Below are records with pictures in them; print them exactly, omitting the pictures.

(SOURCE MATERIAL)

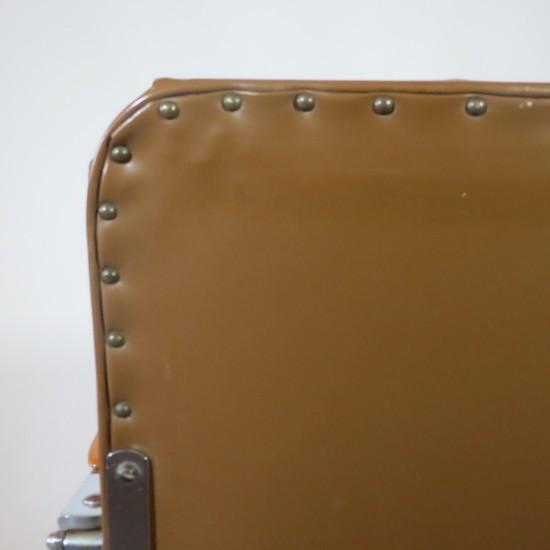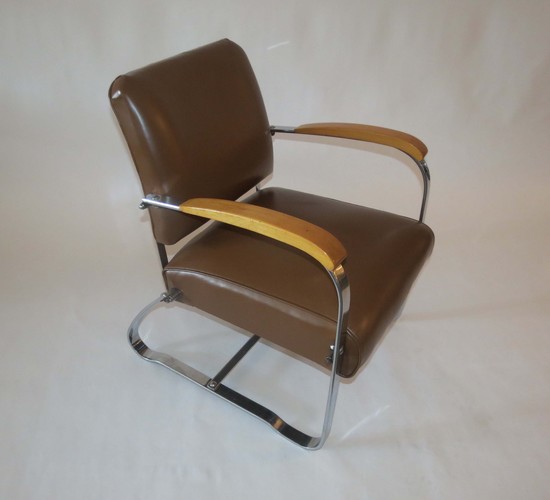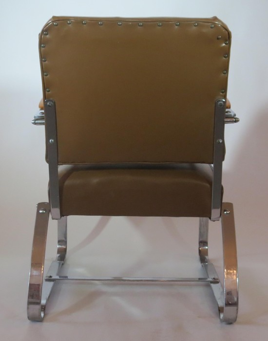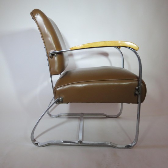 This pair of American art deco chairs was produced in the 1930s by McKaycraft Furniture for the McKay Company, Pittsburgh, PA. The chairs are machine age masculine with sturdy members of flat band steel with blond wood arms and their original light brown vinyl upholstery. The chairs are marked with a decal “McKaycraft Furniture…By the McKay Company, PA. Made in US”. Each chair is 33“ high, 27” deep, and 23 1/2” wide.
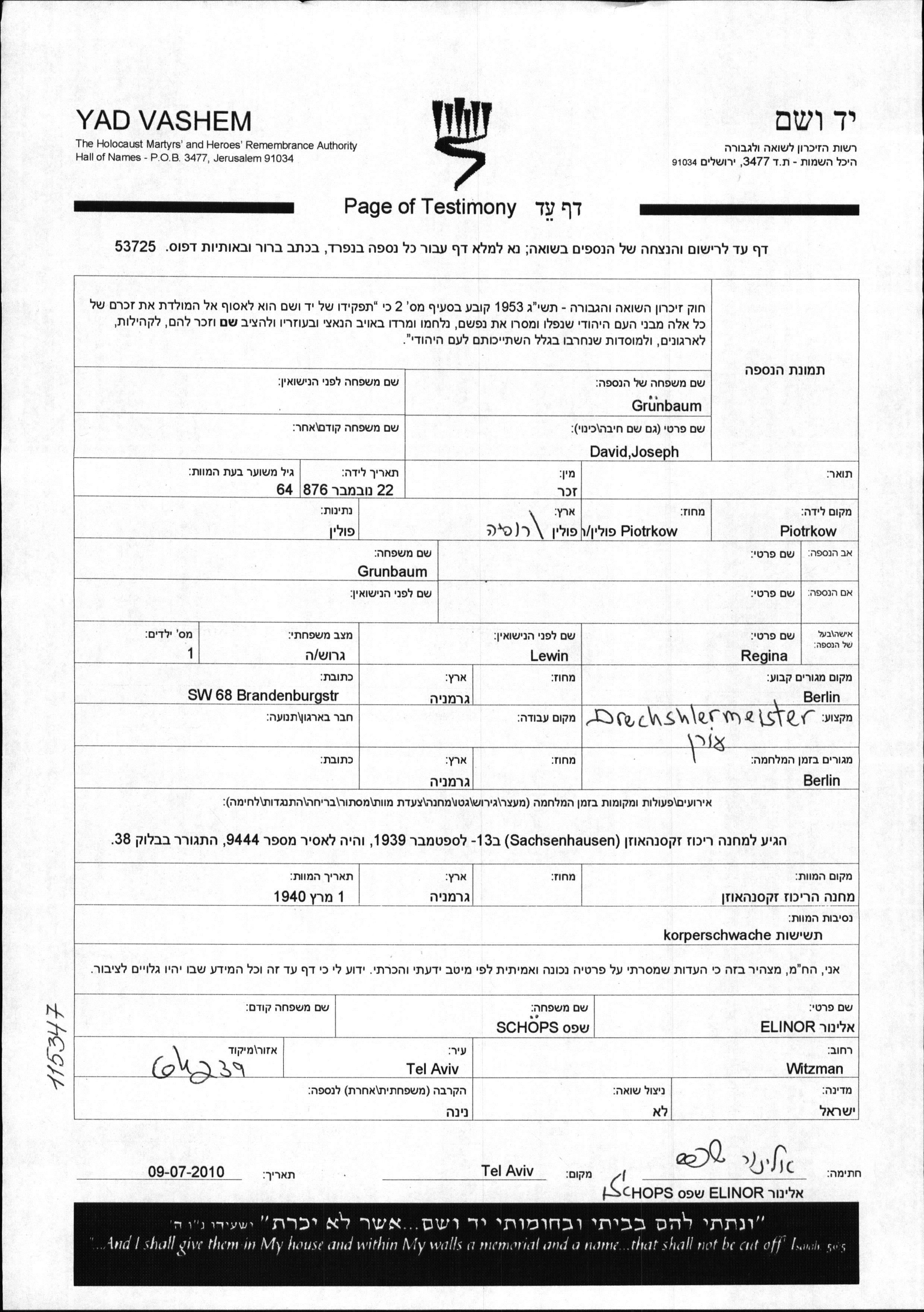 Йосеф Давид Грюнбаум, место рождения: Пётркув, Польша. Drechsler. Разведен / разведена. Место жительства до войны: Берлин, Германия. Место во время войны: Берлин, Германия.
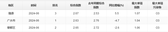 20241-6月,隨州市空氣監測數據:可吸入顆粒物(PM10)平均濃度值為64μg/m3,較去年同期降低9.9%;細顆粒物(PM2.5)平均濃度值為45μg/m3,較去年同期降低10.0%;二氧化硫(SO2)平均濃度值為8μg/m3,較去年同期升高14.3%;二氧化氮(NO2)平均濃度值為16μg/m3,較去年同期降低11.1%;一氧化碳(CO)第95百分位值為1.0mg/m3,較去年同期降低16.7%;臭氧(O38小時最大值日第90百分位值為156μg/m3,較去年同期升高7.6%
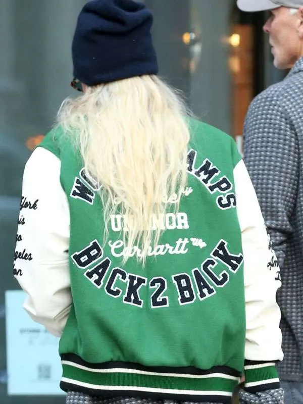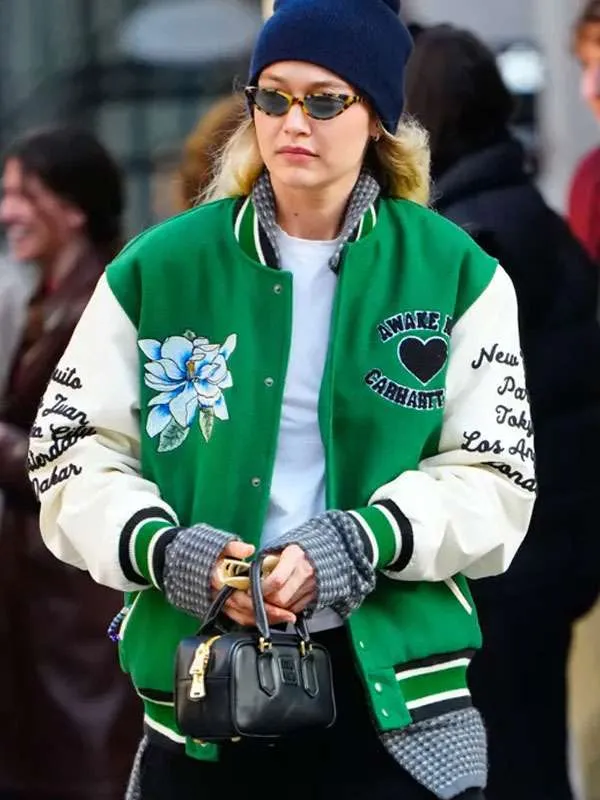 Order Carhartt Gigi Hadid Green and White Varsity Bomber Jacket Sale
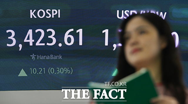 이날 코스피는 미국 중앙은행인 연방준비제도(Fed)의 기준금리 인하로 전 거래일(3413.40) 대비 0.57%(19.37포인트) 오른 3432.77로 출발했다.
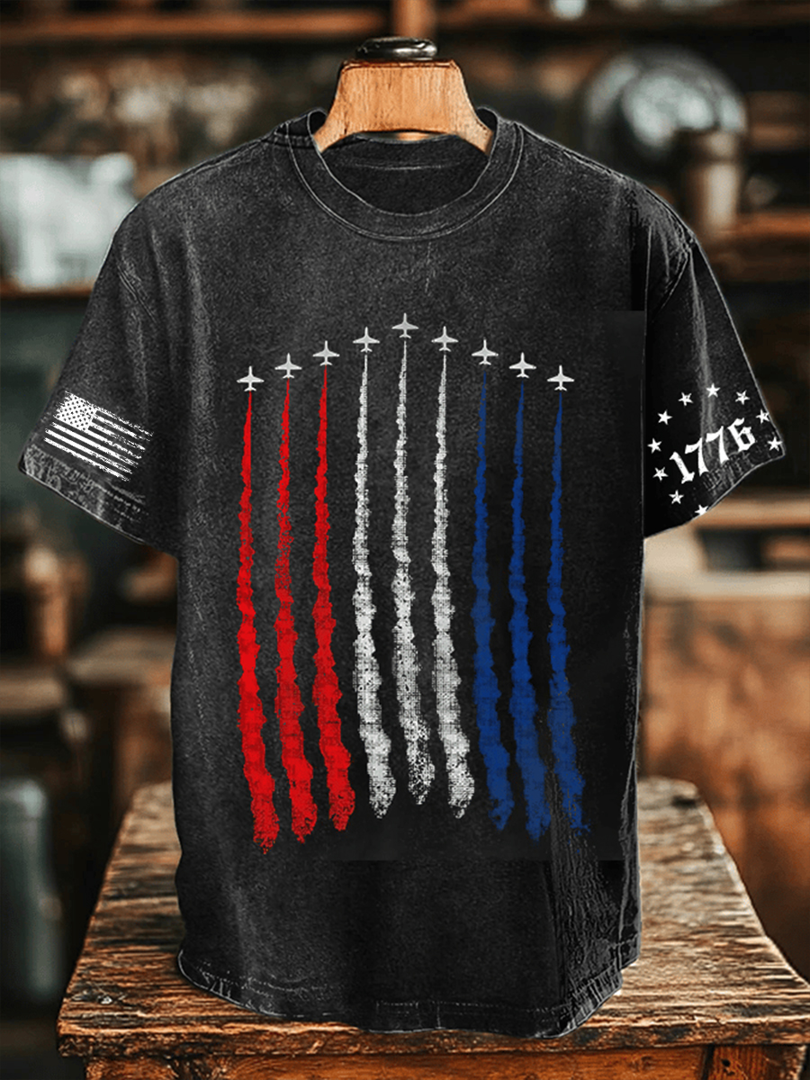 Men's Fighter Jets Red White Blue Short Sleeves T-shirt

(End SOURCE MATERIAL)

OUTPUT
 This pair of American art deco chairs was produced in the 1930s by McKaycraft Furniture for the McKay Company, Pittsburgh, PA. The chairs are machine age masculine with sturdy members of flat band steel with blond wood arms and their original light brown vinyl upholstery. The chairs are marked with a decal “McKaycraft Furniture…By the McKay Company, PA. Made in US”. Each chair is 33“ high, 27” deep, and 23 1/2” wide.
 Йосеф Давид Грюнбаум, место рождения: Пётркув, Польша. Drechsler. Разведен / разведена. Место жительства до войны: Берлин, Германия. Место во время войны: Берлин, Германия.
 20241-6月,隨州市空氣監測數據:可吸入顆粒物(PM10)平均濃度值為64μg/m3,較去年同期降低9.9%;細顆粒物(PM2.5)平均濃度值為45μg/m3,較去年同期降低10.0%;二氧化硫(SO2)平均濃度值為8μg/m3,較去年同期升高14.3%;二氧化氮(NO2)平均濃度值為16μg/m3,較去年同期降低11.1%;一氧化碳(CO)第95百分位值為1.0mg/m3,較去年同期降低16.7%;臭氧(O38小時最大值日第90百分位值為156μg/m3,較去年同期升高7.6%
 Order Carhartt Gigi Hadid Green and White Varsity Bomber Jacket Sale
 이날 코스피는 미국 중앙은행인 연방준비제도(Fed)의 기준금리 인하로 전 거래일(3413.40) 대비 0.57%(19.37포인트) 오른 3432.77로 출발했다.
 Men's Fighter Jets Red White Blue Short Sleeves T-shirt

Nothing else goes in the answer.